Now I have a huge database of french sentences (All under 200 chars) categorised into 1400 clusters. I now need to filter down this dataset to a much smaller dataset of cleaned sentences appropriate for use within the app.

I want to filter things like:

Websites and email addresses

Long strings of the same character, such as Awwwwwwww. Filtering three will discard some roman numerals so four or more is what I chose



In [24]:
import os
import re
import pandas as pd
import constants

In [25]:
filepath = f"../output_files/{constants.language_code}/step2_sentences.csv"

df = pd.read_csv(filepath, delimiter='\t')

In [26]:
df.count()

id          826973
sentence    826973
dtype: int64

In [27]:
# First get all sentences with three or more of the same roman character in a row
# TODO: this needs to include special characters used in each language
df_filtered = df[df['sentence'].str.contains(r'([a-z])\1\1\1', regex=True, na=False, case=False)]

  df_filtered = df[df['sentence'].str.contains(r'([a-z])\1\1\1', regex=True, na=False, case=False)]


In [28]:
df_filtered.count()

id          95
sentence    95
dtype: int64

In [29]:
df_filtered.head()

Unnamed: 0,id,sentence
2731,3338,"Cher M XXXXXX, CANALSAT lance aujourd'hui une ..."
3424,4178,Rougui est passé par là: il a fait un gros tra...
16987,20460,ZZZzzz C'est vraiment le dernier?
22584,27182,"Attention : ""La BCD"" nécessite que le format d..."
28052,33661,Mon espérence sur ce peut-être nouveau zelda s...


In [30]:
# Remove these from the dataset
df = df[~df['sentence'].str.contains(r'([a-z])\1\1\1', regex=True, na=False, case=False)]

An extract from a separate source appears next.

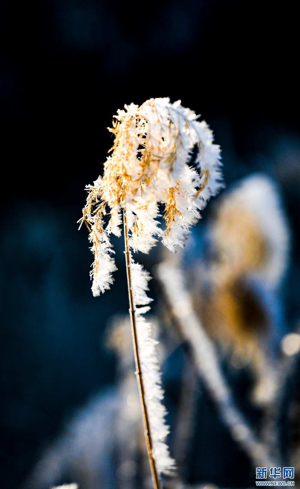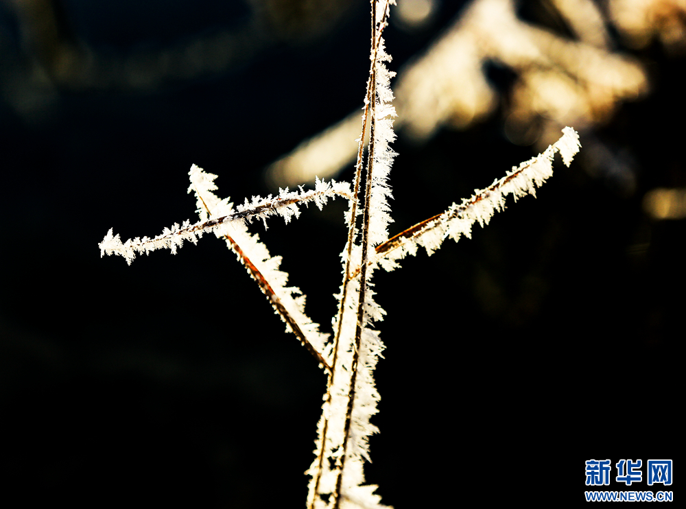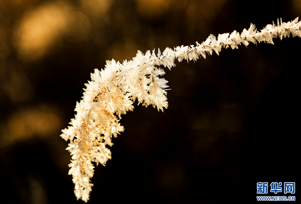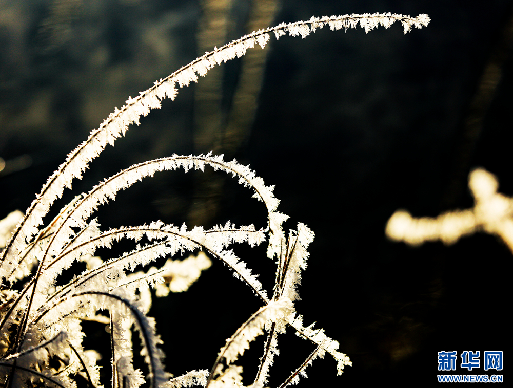 冬日里,甘肅省張掖國家濕地公園蘆葦叢中的蘆花掛滿冰花,晶瑩剔透,美不勝收。新華網(wǎng)發(fā)(陳禮 攝)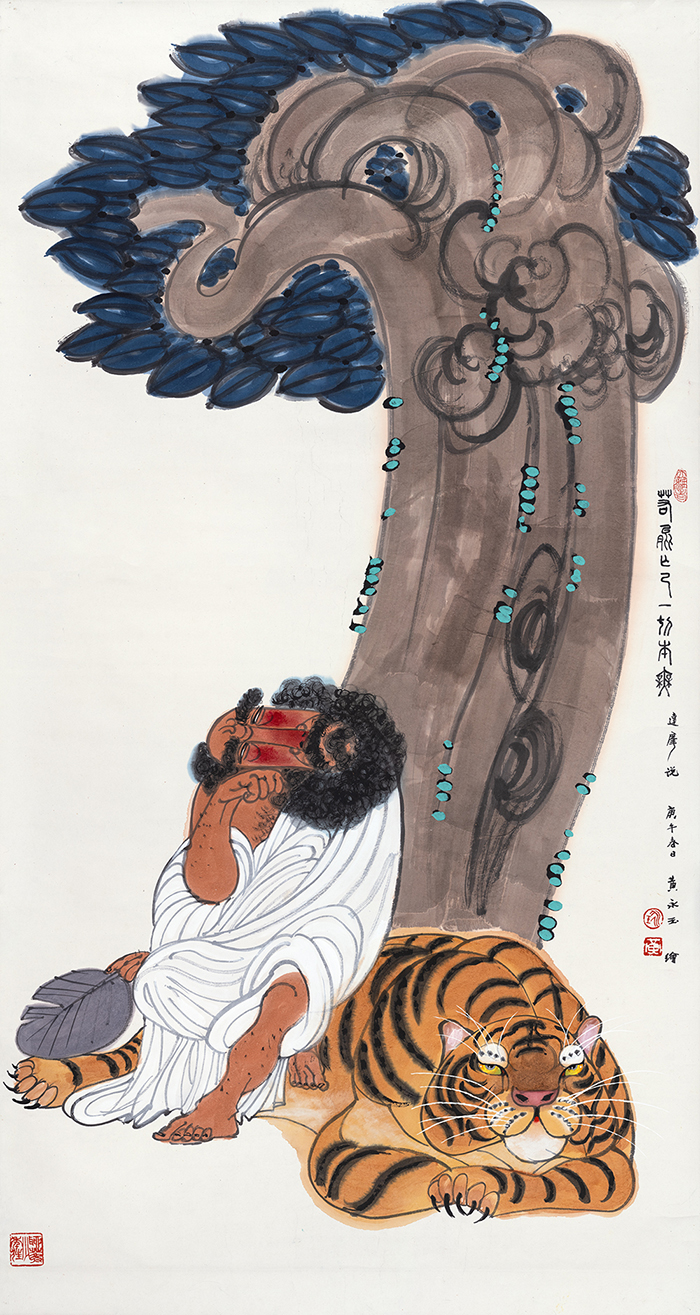 達摩伏虎圖 黃永玉 紙本水墨設色 95.5cm×179.5cm 1990年(圖片來源:清華大學藝術博物館)

  df = df[~df['sentence'].str.contains(r'([a-z])\1\1\1', regex=True, na=False, case=False)]


In [31]:
# Remove web addresses and emails
df = df[~df['sentence'].str.contains(r'www\.|@|http://|\\\\|//', regex=True, na=False)]

In [32]:
df.count()

id          825083
sentence    825083
dtype: int64

In [33]:
# Apart from anticonstitutionnellement and a few others, there are effectively no words over 20 letters in french, so any sentences with a string of characters longer than this should probably be removed.
# This doesn't account for hyphens and apostrophes but words this long might cause wrapping issues in the app anyway.
# 19

regex = {
    'fr': r'\b\w{20,}\b',
    'de': r'\b\w{40,}\b' # Longest commonly-used word in german seems to be around 40 characters
}[constants.language_code]

df = df[~df['sentence'].str.contains(regex, regex=True, na=False)]

In [34]:
# Remove any grammatical weirdness
"""
..
''
""
--
=
>
<
??
((
))
#
+++
^
|
$$
££
€€
¥¥
%%
&&
*
!!
~
;
:
¬
"""

strings_to_remove = ['\.\.', '\.\.', "''", '""', '--', '=',
    '>', '<', '\?\?', '\(\(', '\)\)', '#', '\+\+\+', '\^',
    '\|', '\$\$', '££', '€€', '¥¥', '%%', '&&', '\*', '!!',
    '~', ';', ':', '¬', '`']

# Create the regex pattern
regex = '|'.join(strings_to_remove)

df = df[~df['sentence'].str.contains(fr'{regex}', regex=True, na=False)]

In [35]:
df.count()

id          737905
sentence    737905
dtype: int64

In [36]:
# Remove any sentences that contain three or more unique strings of numbers. This is fairly
# restrictive but the dataset is large so I can afford to be picky

def count_numbers(sentence):
    return len(re.findall(r'\b\d+\b', sentence))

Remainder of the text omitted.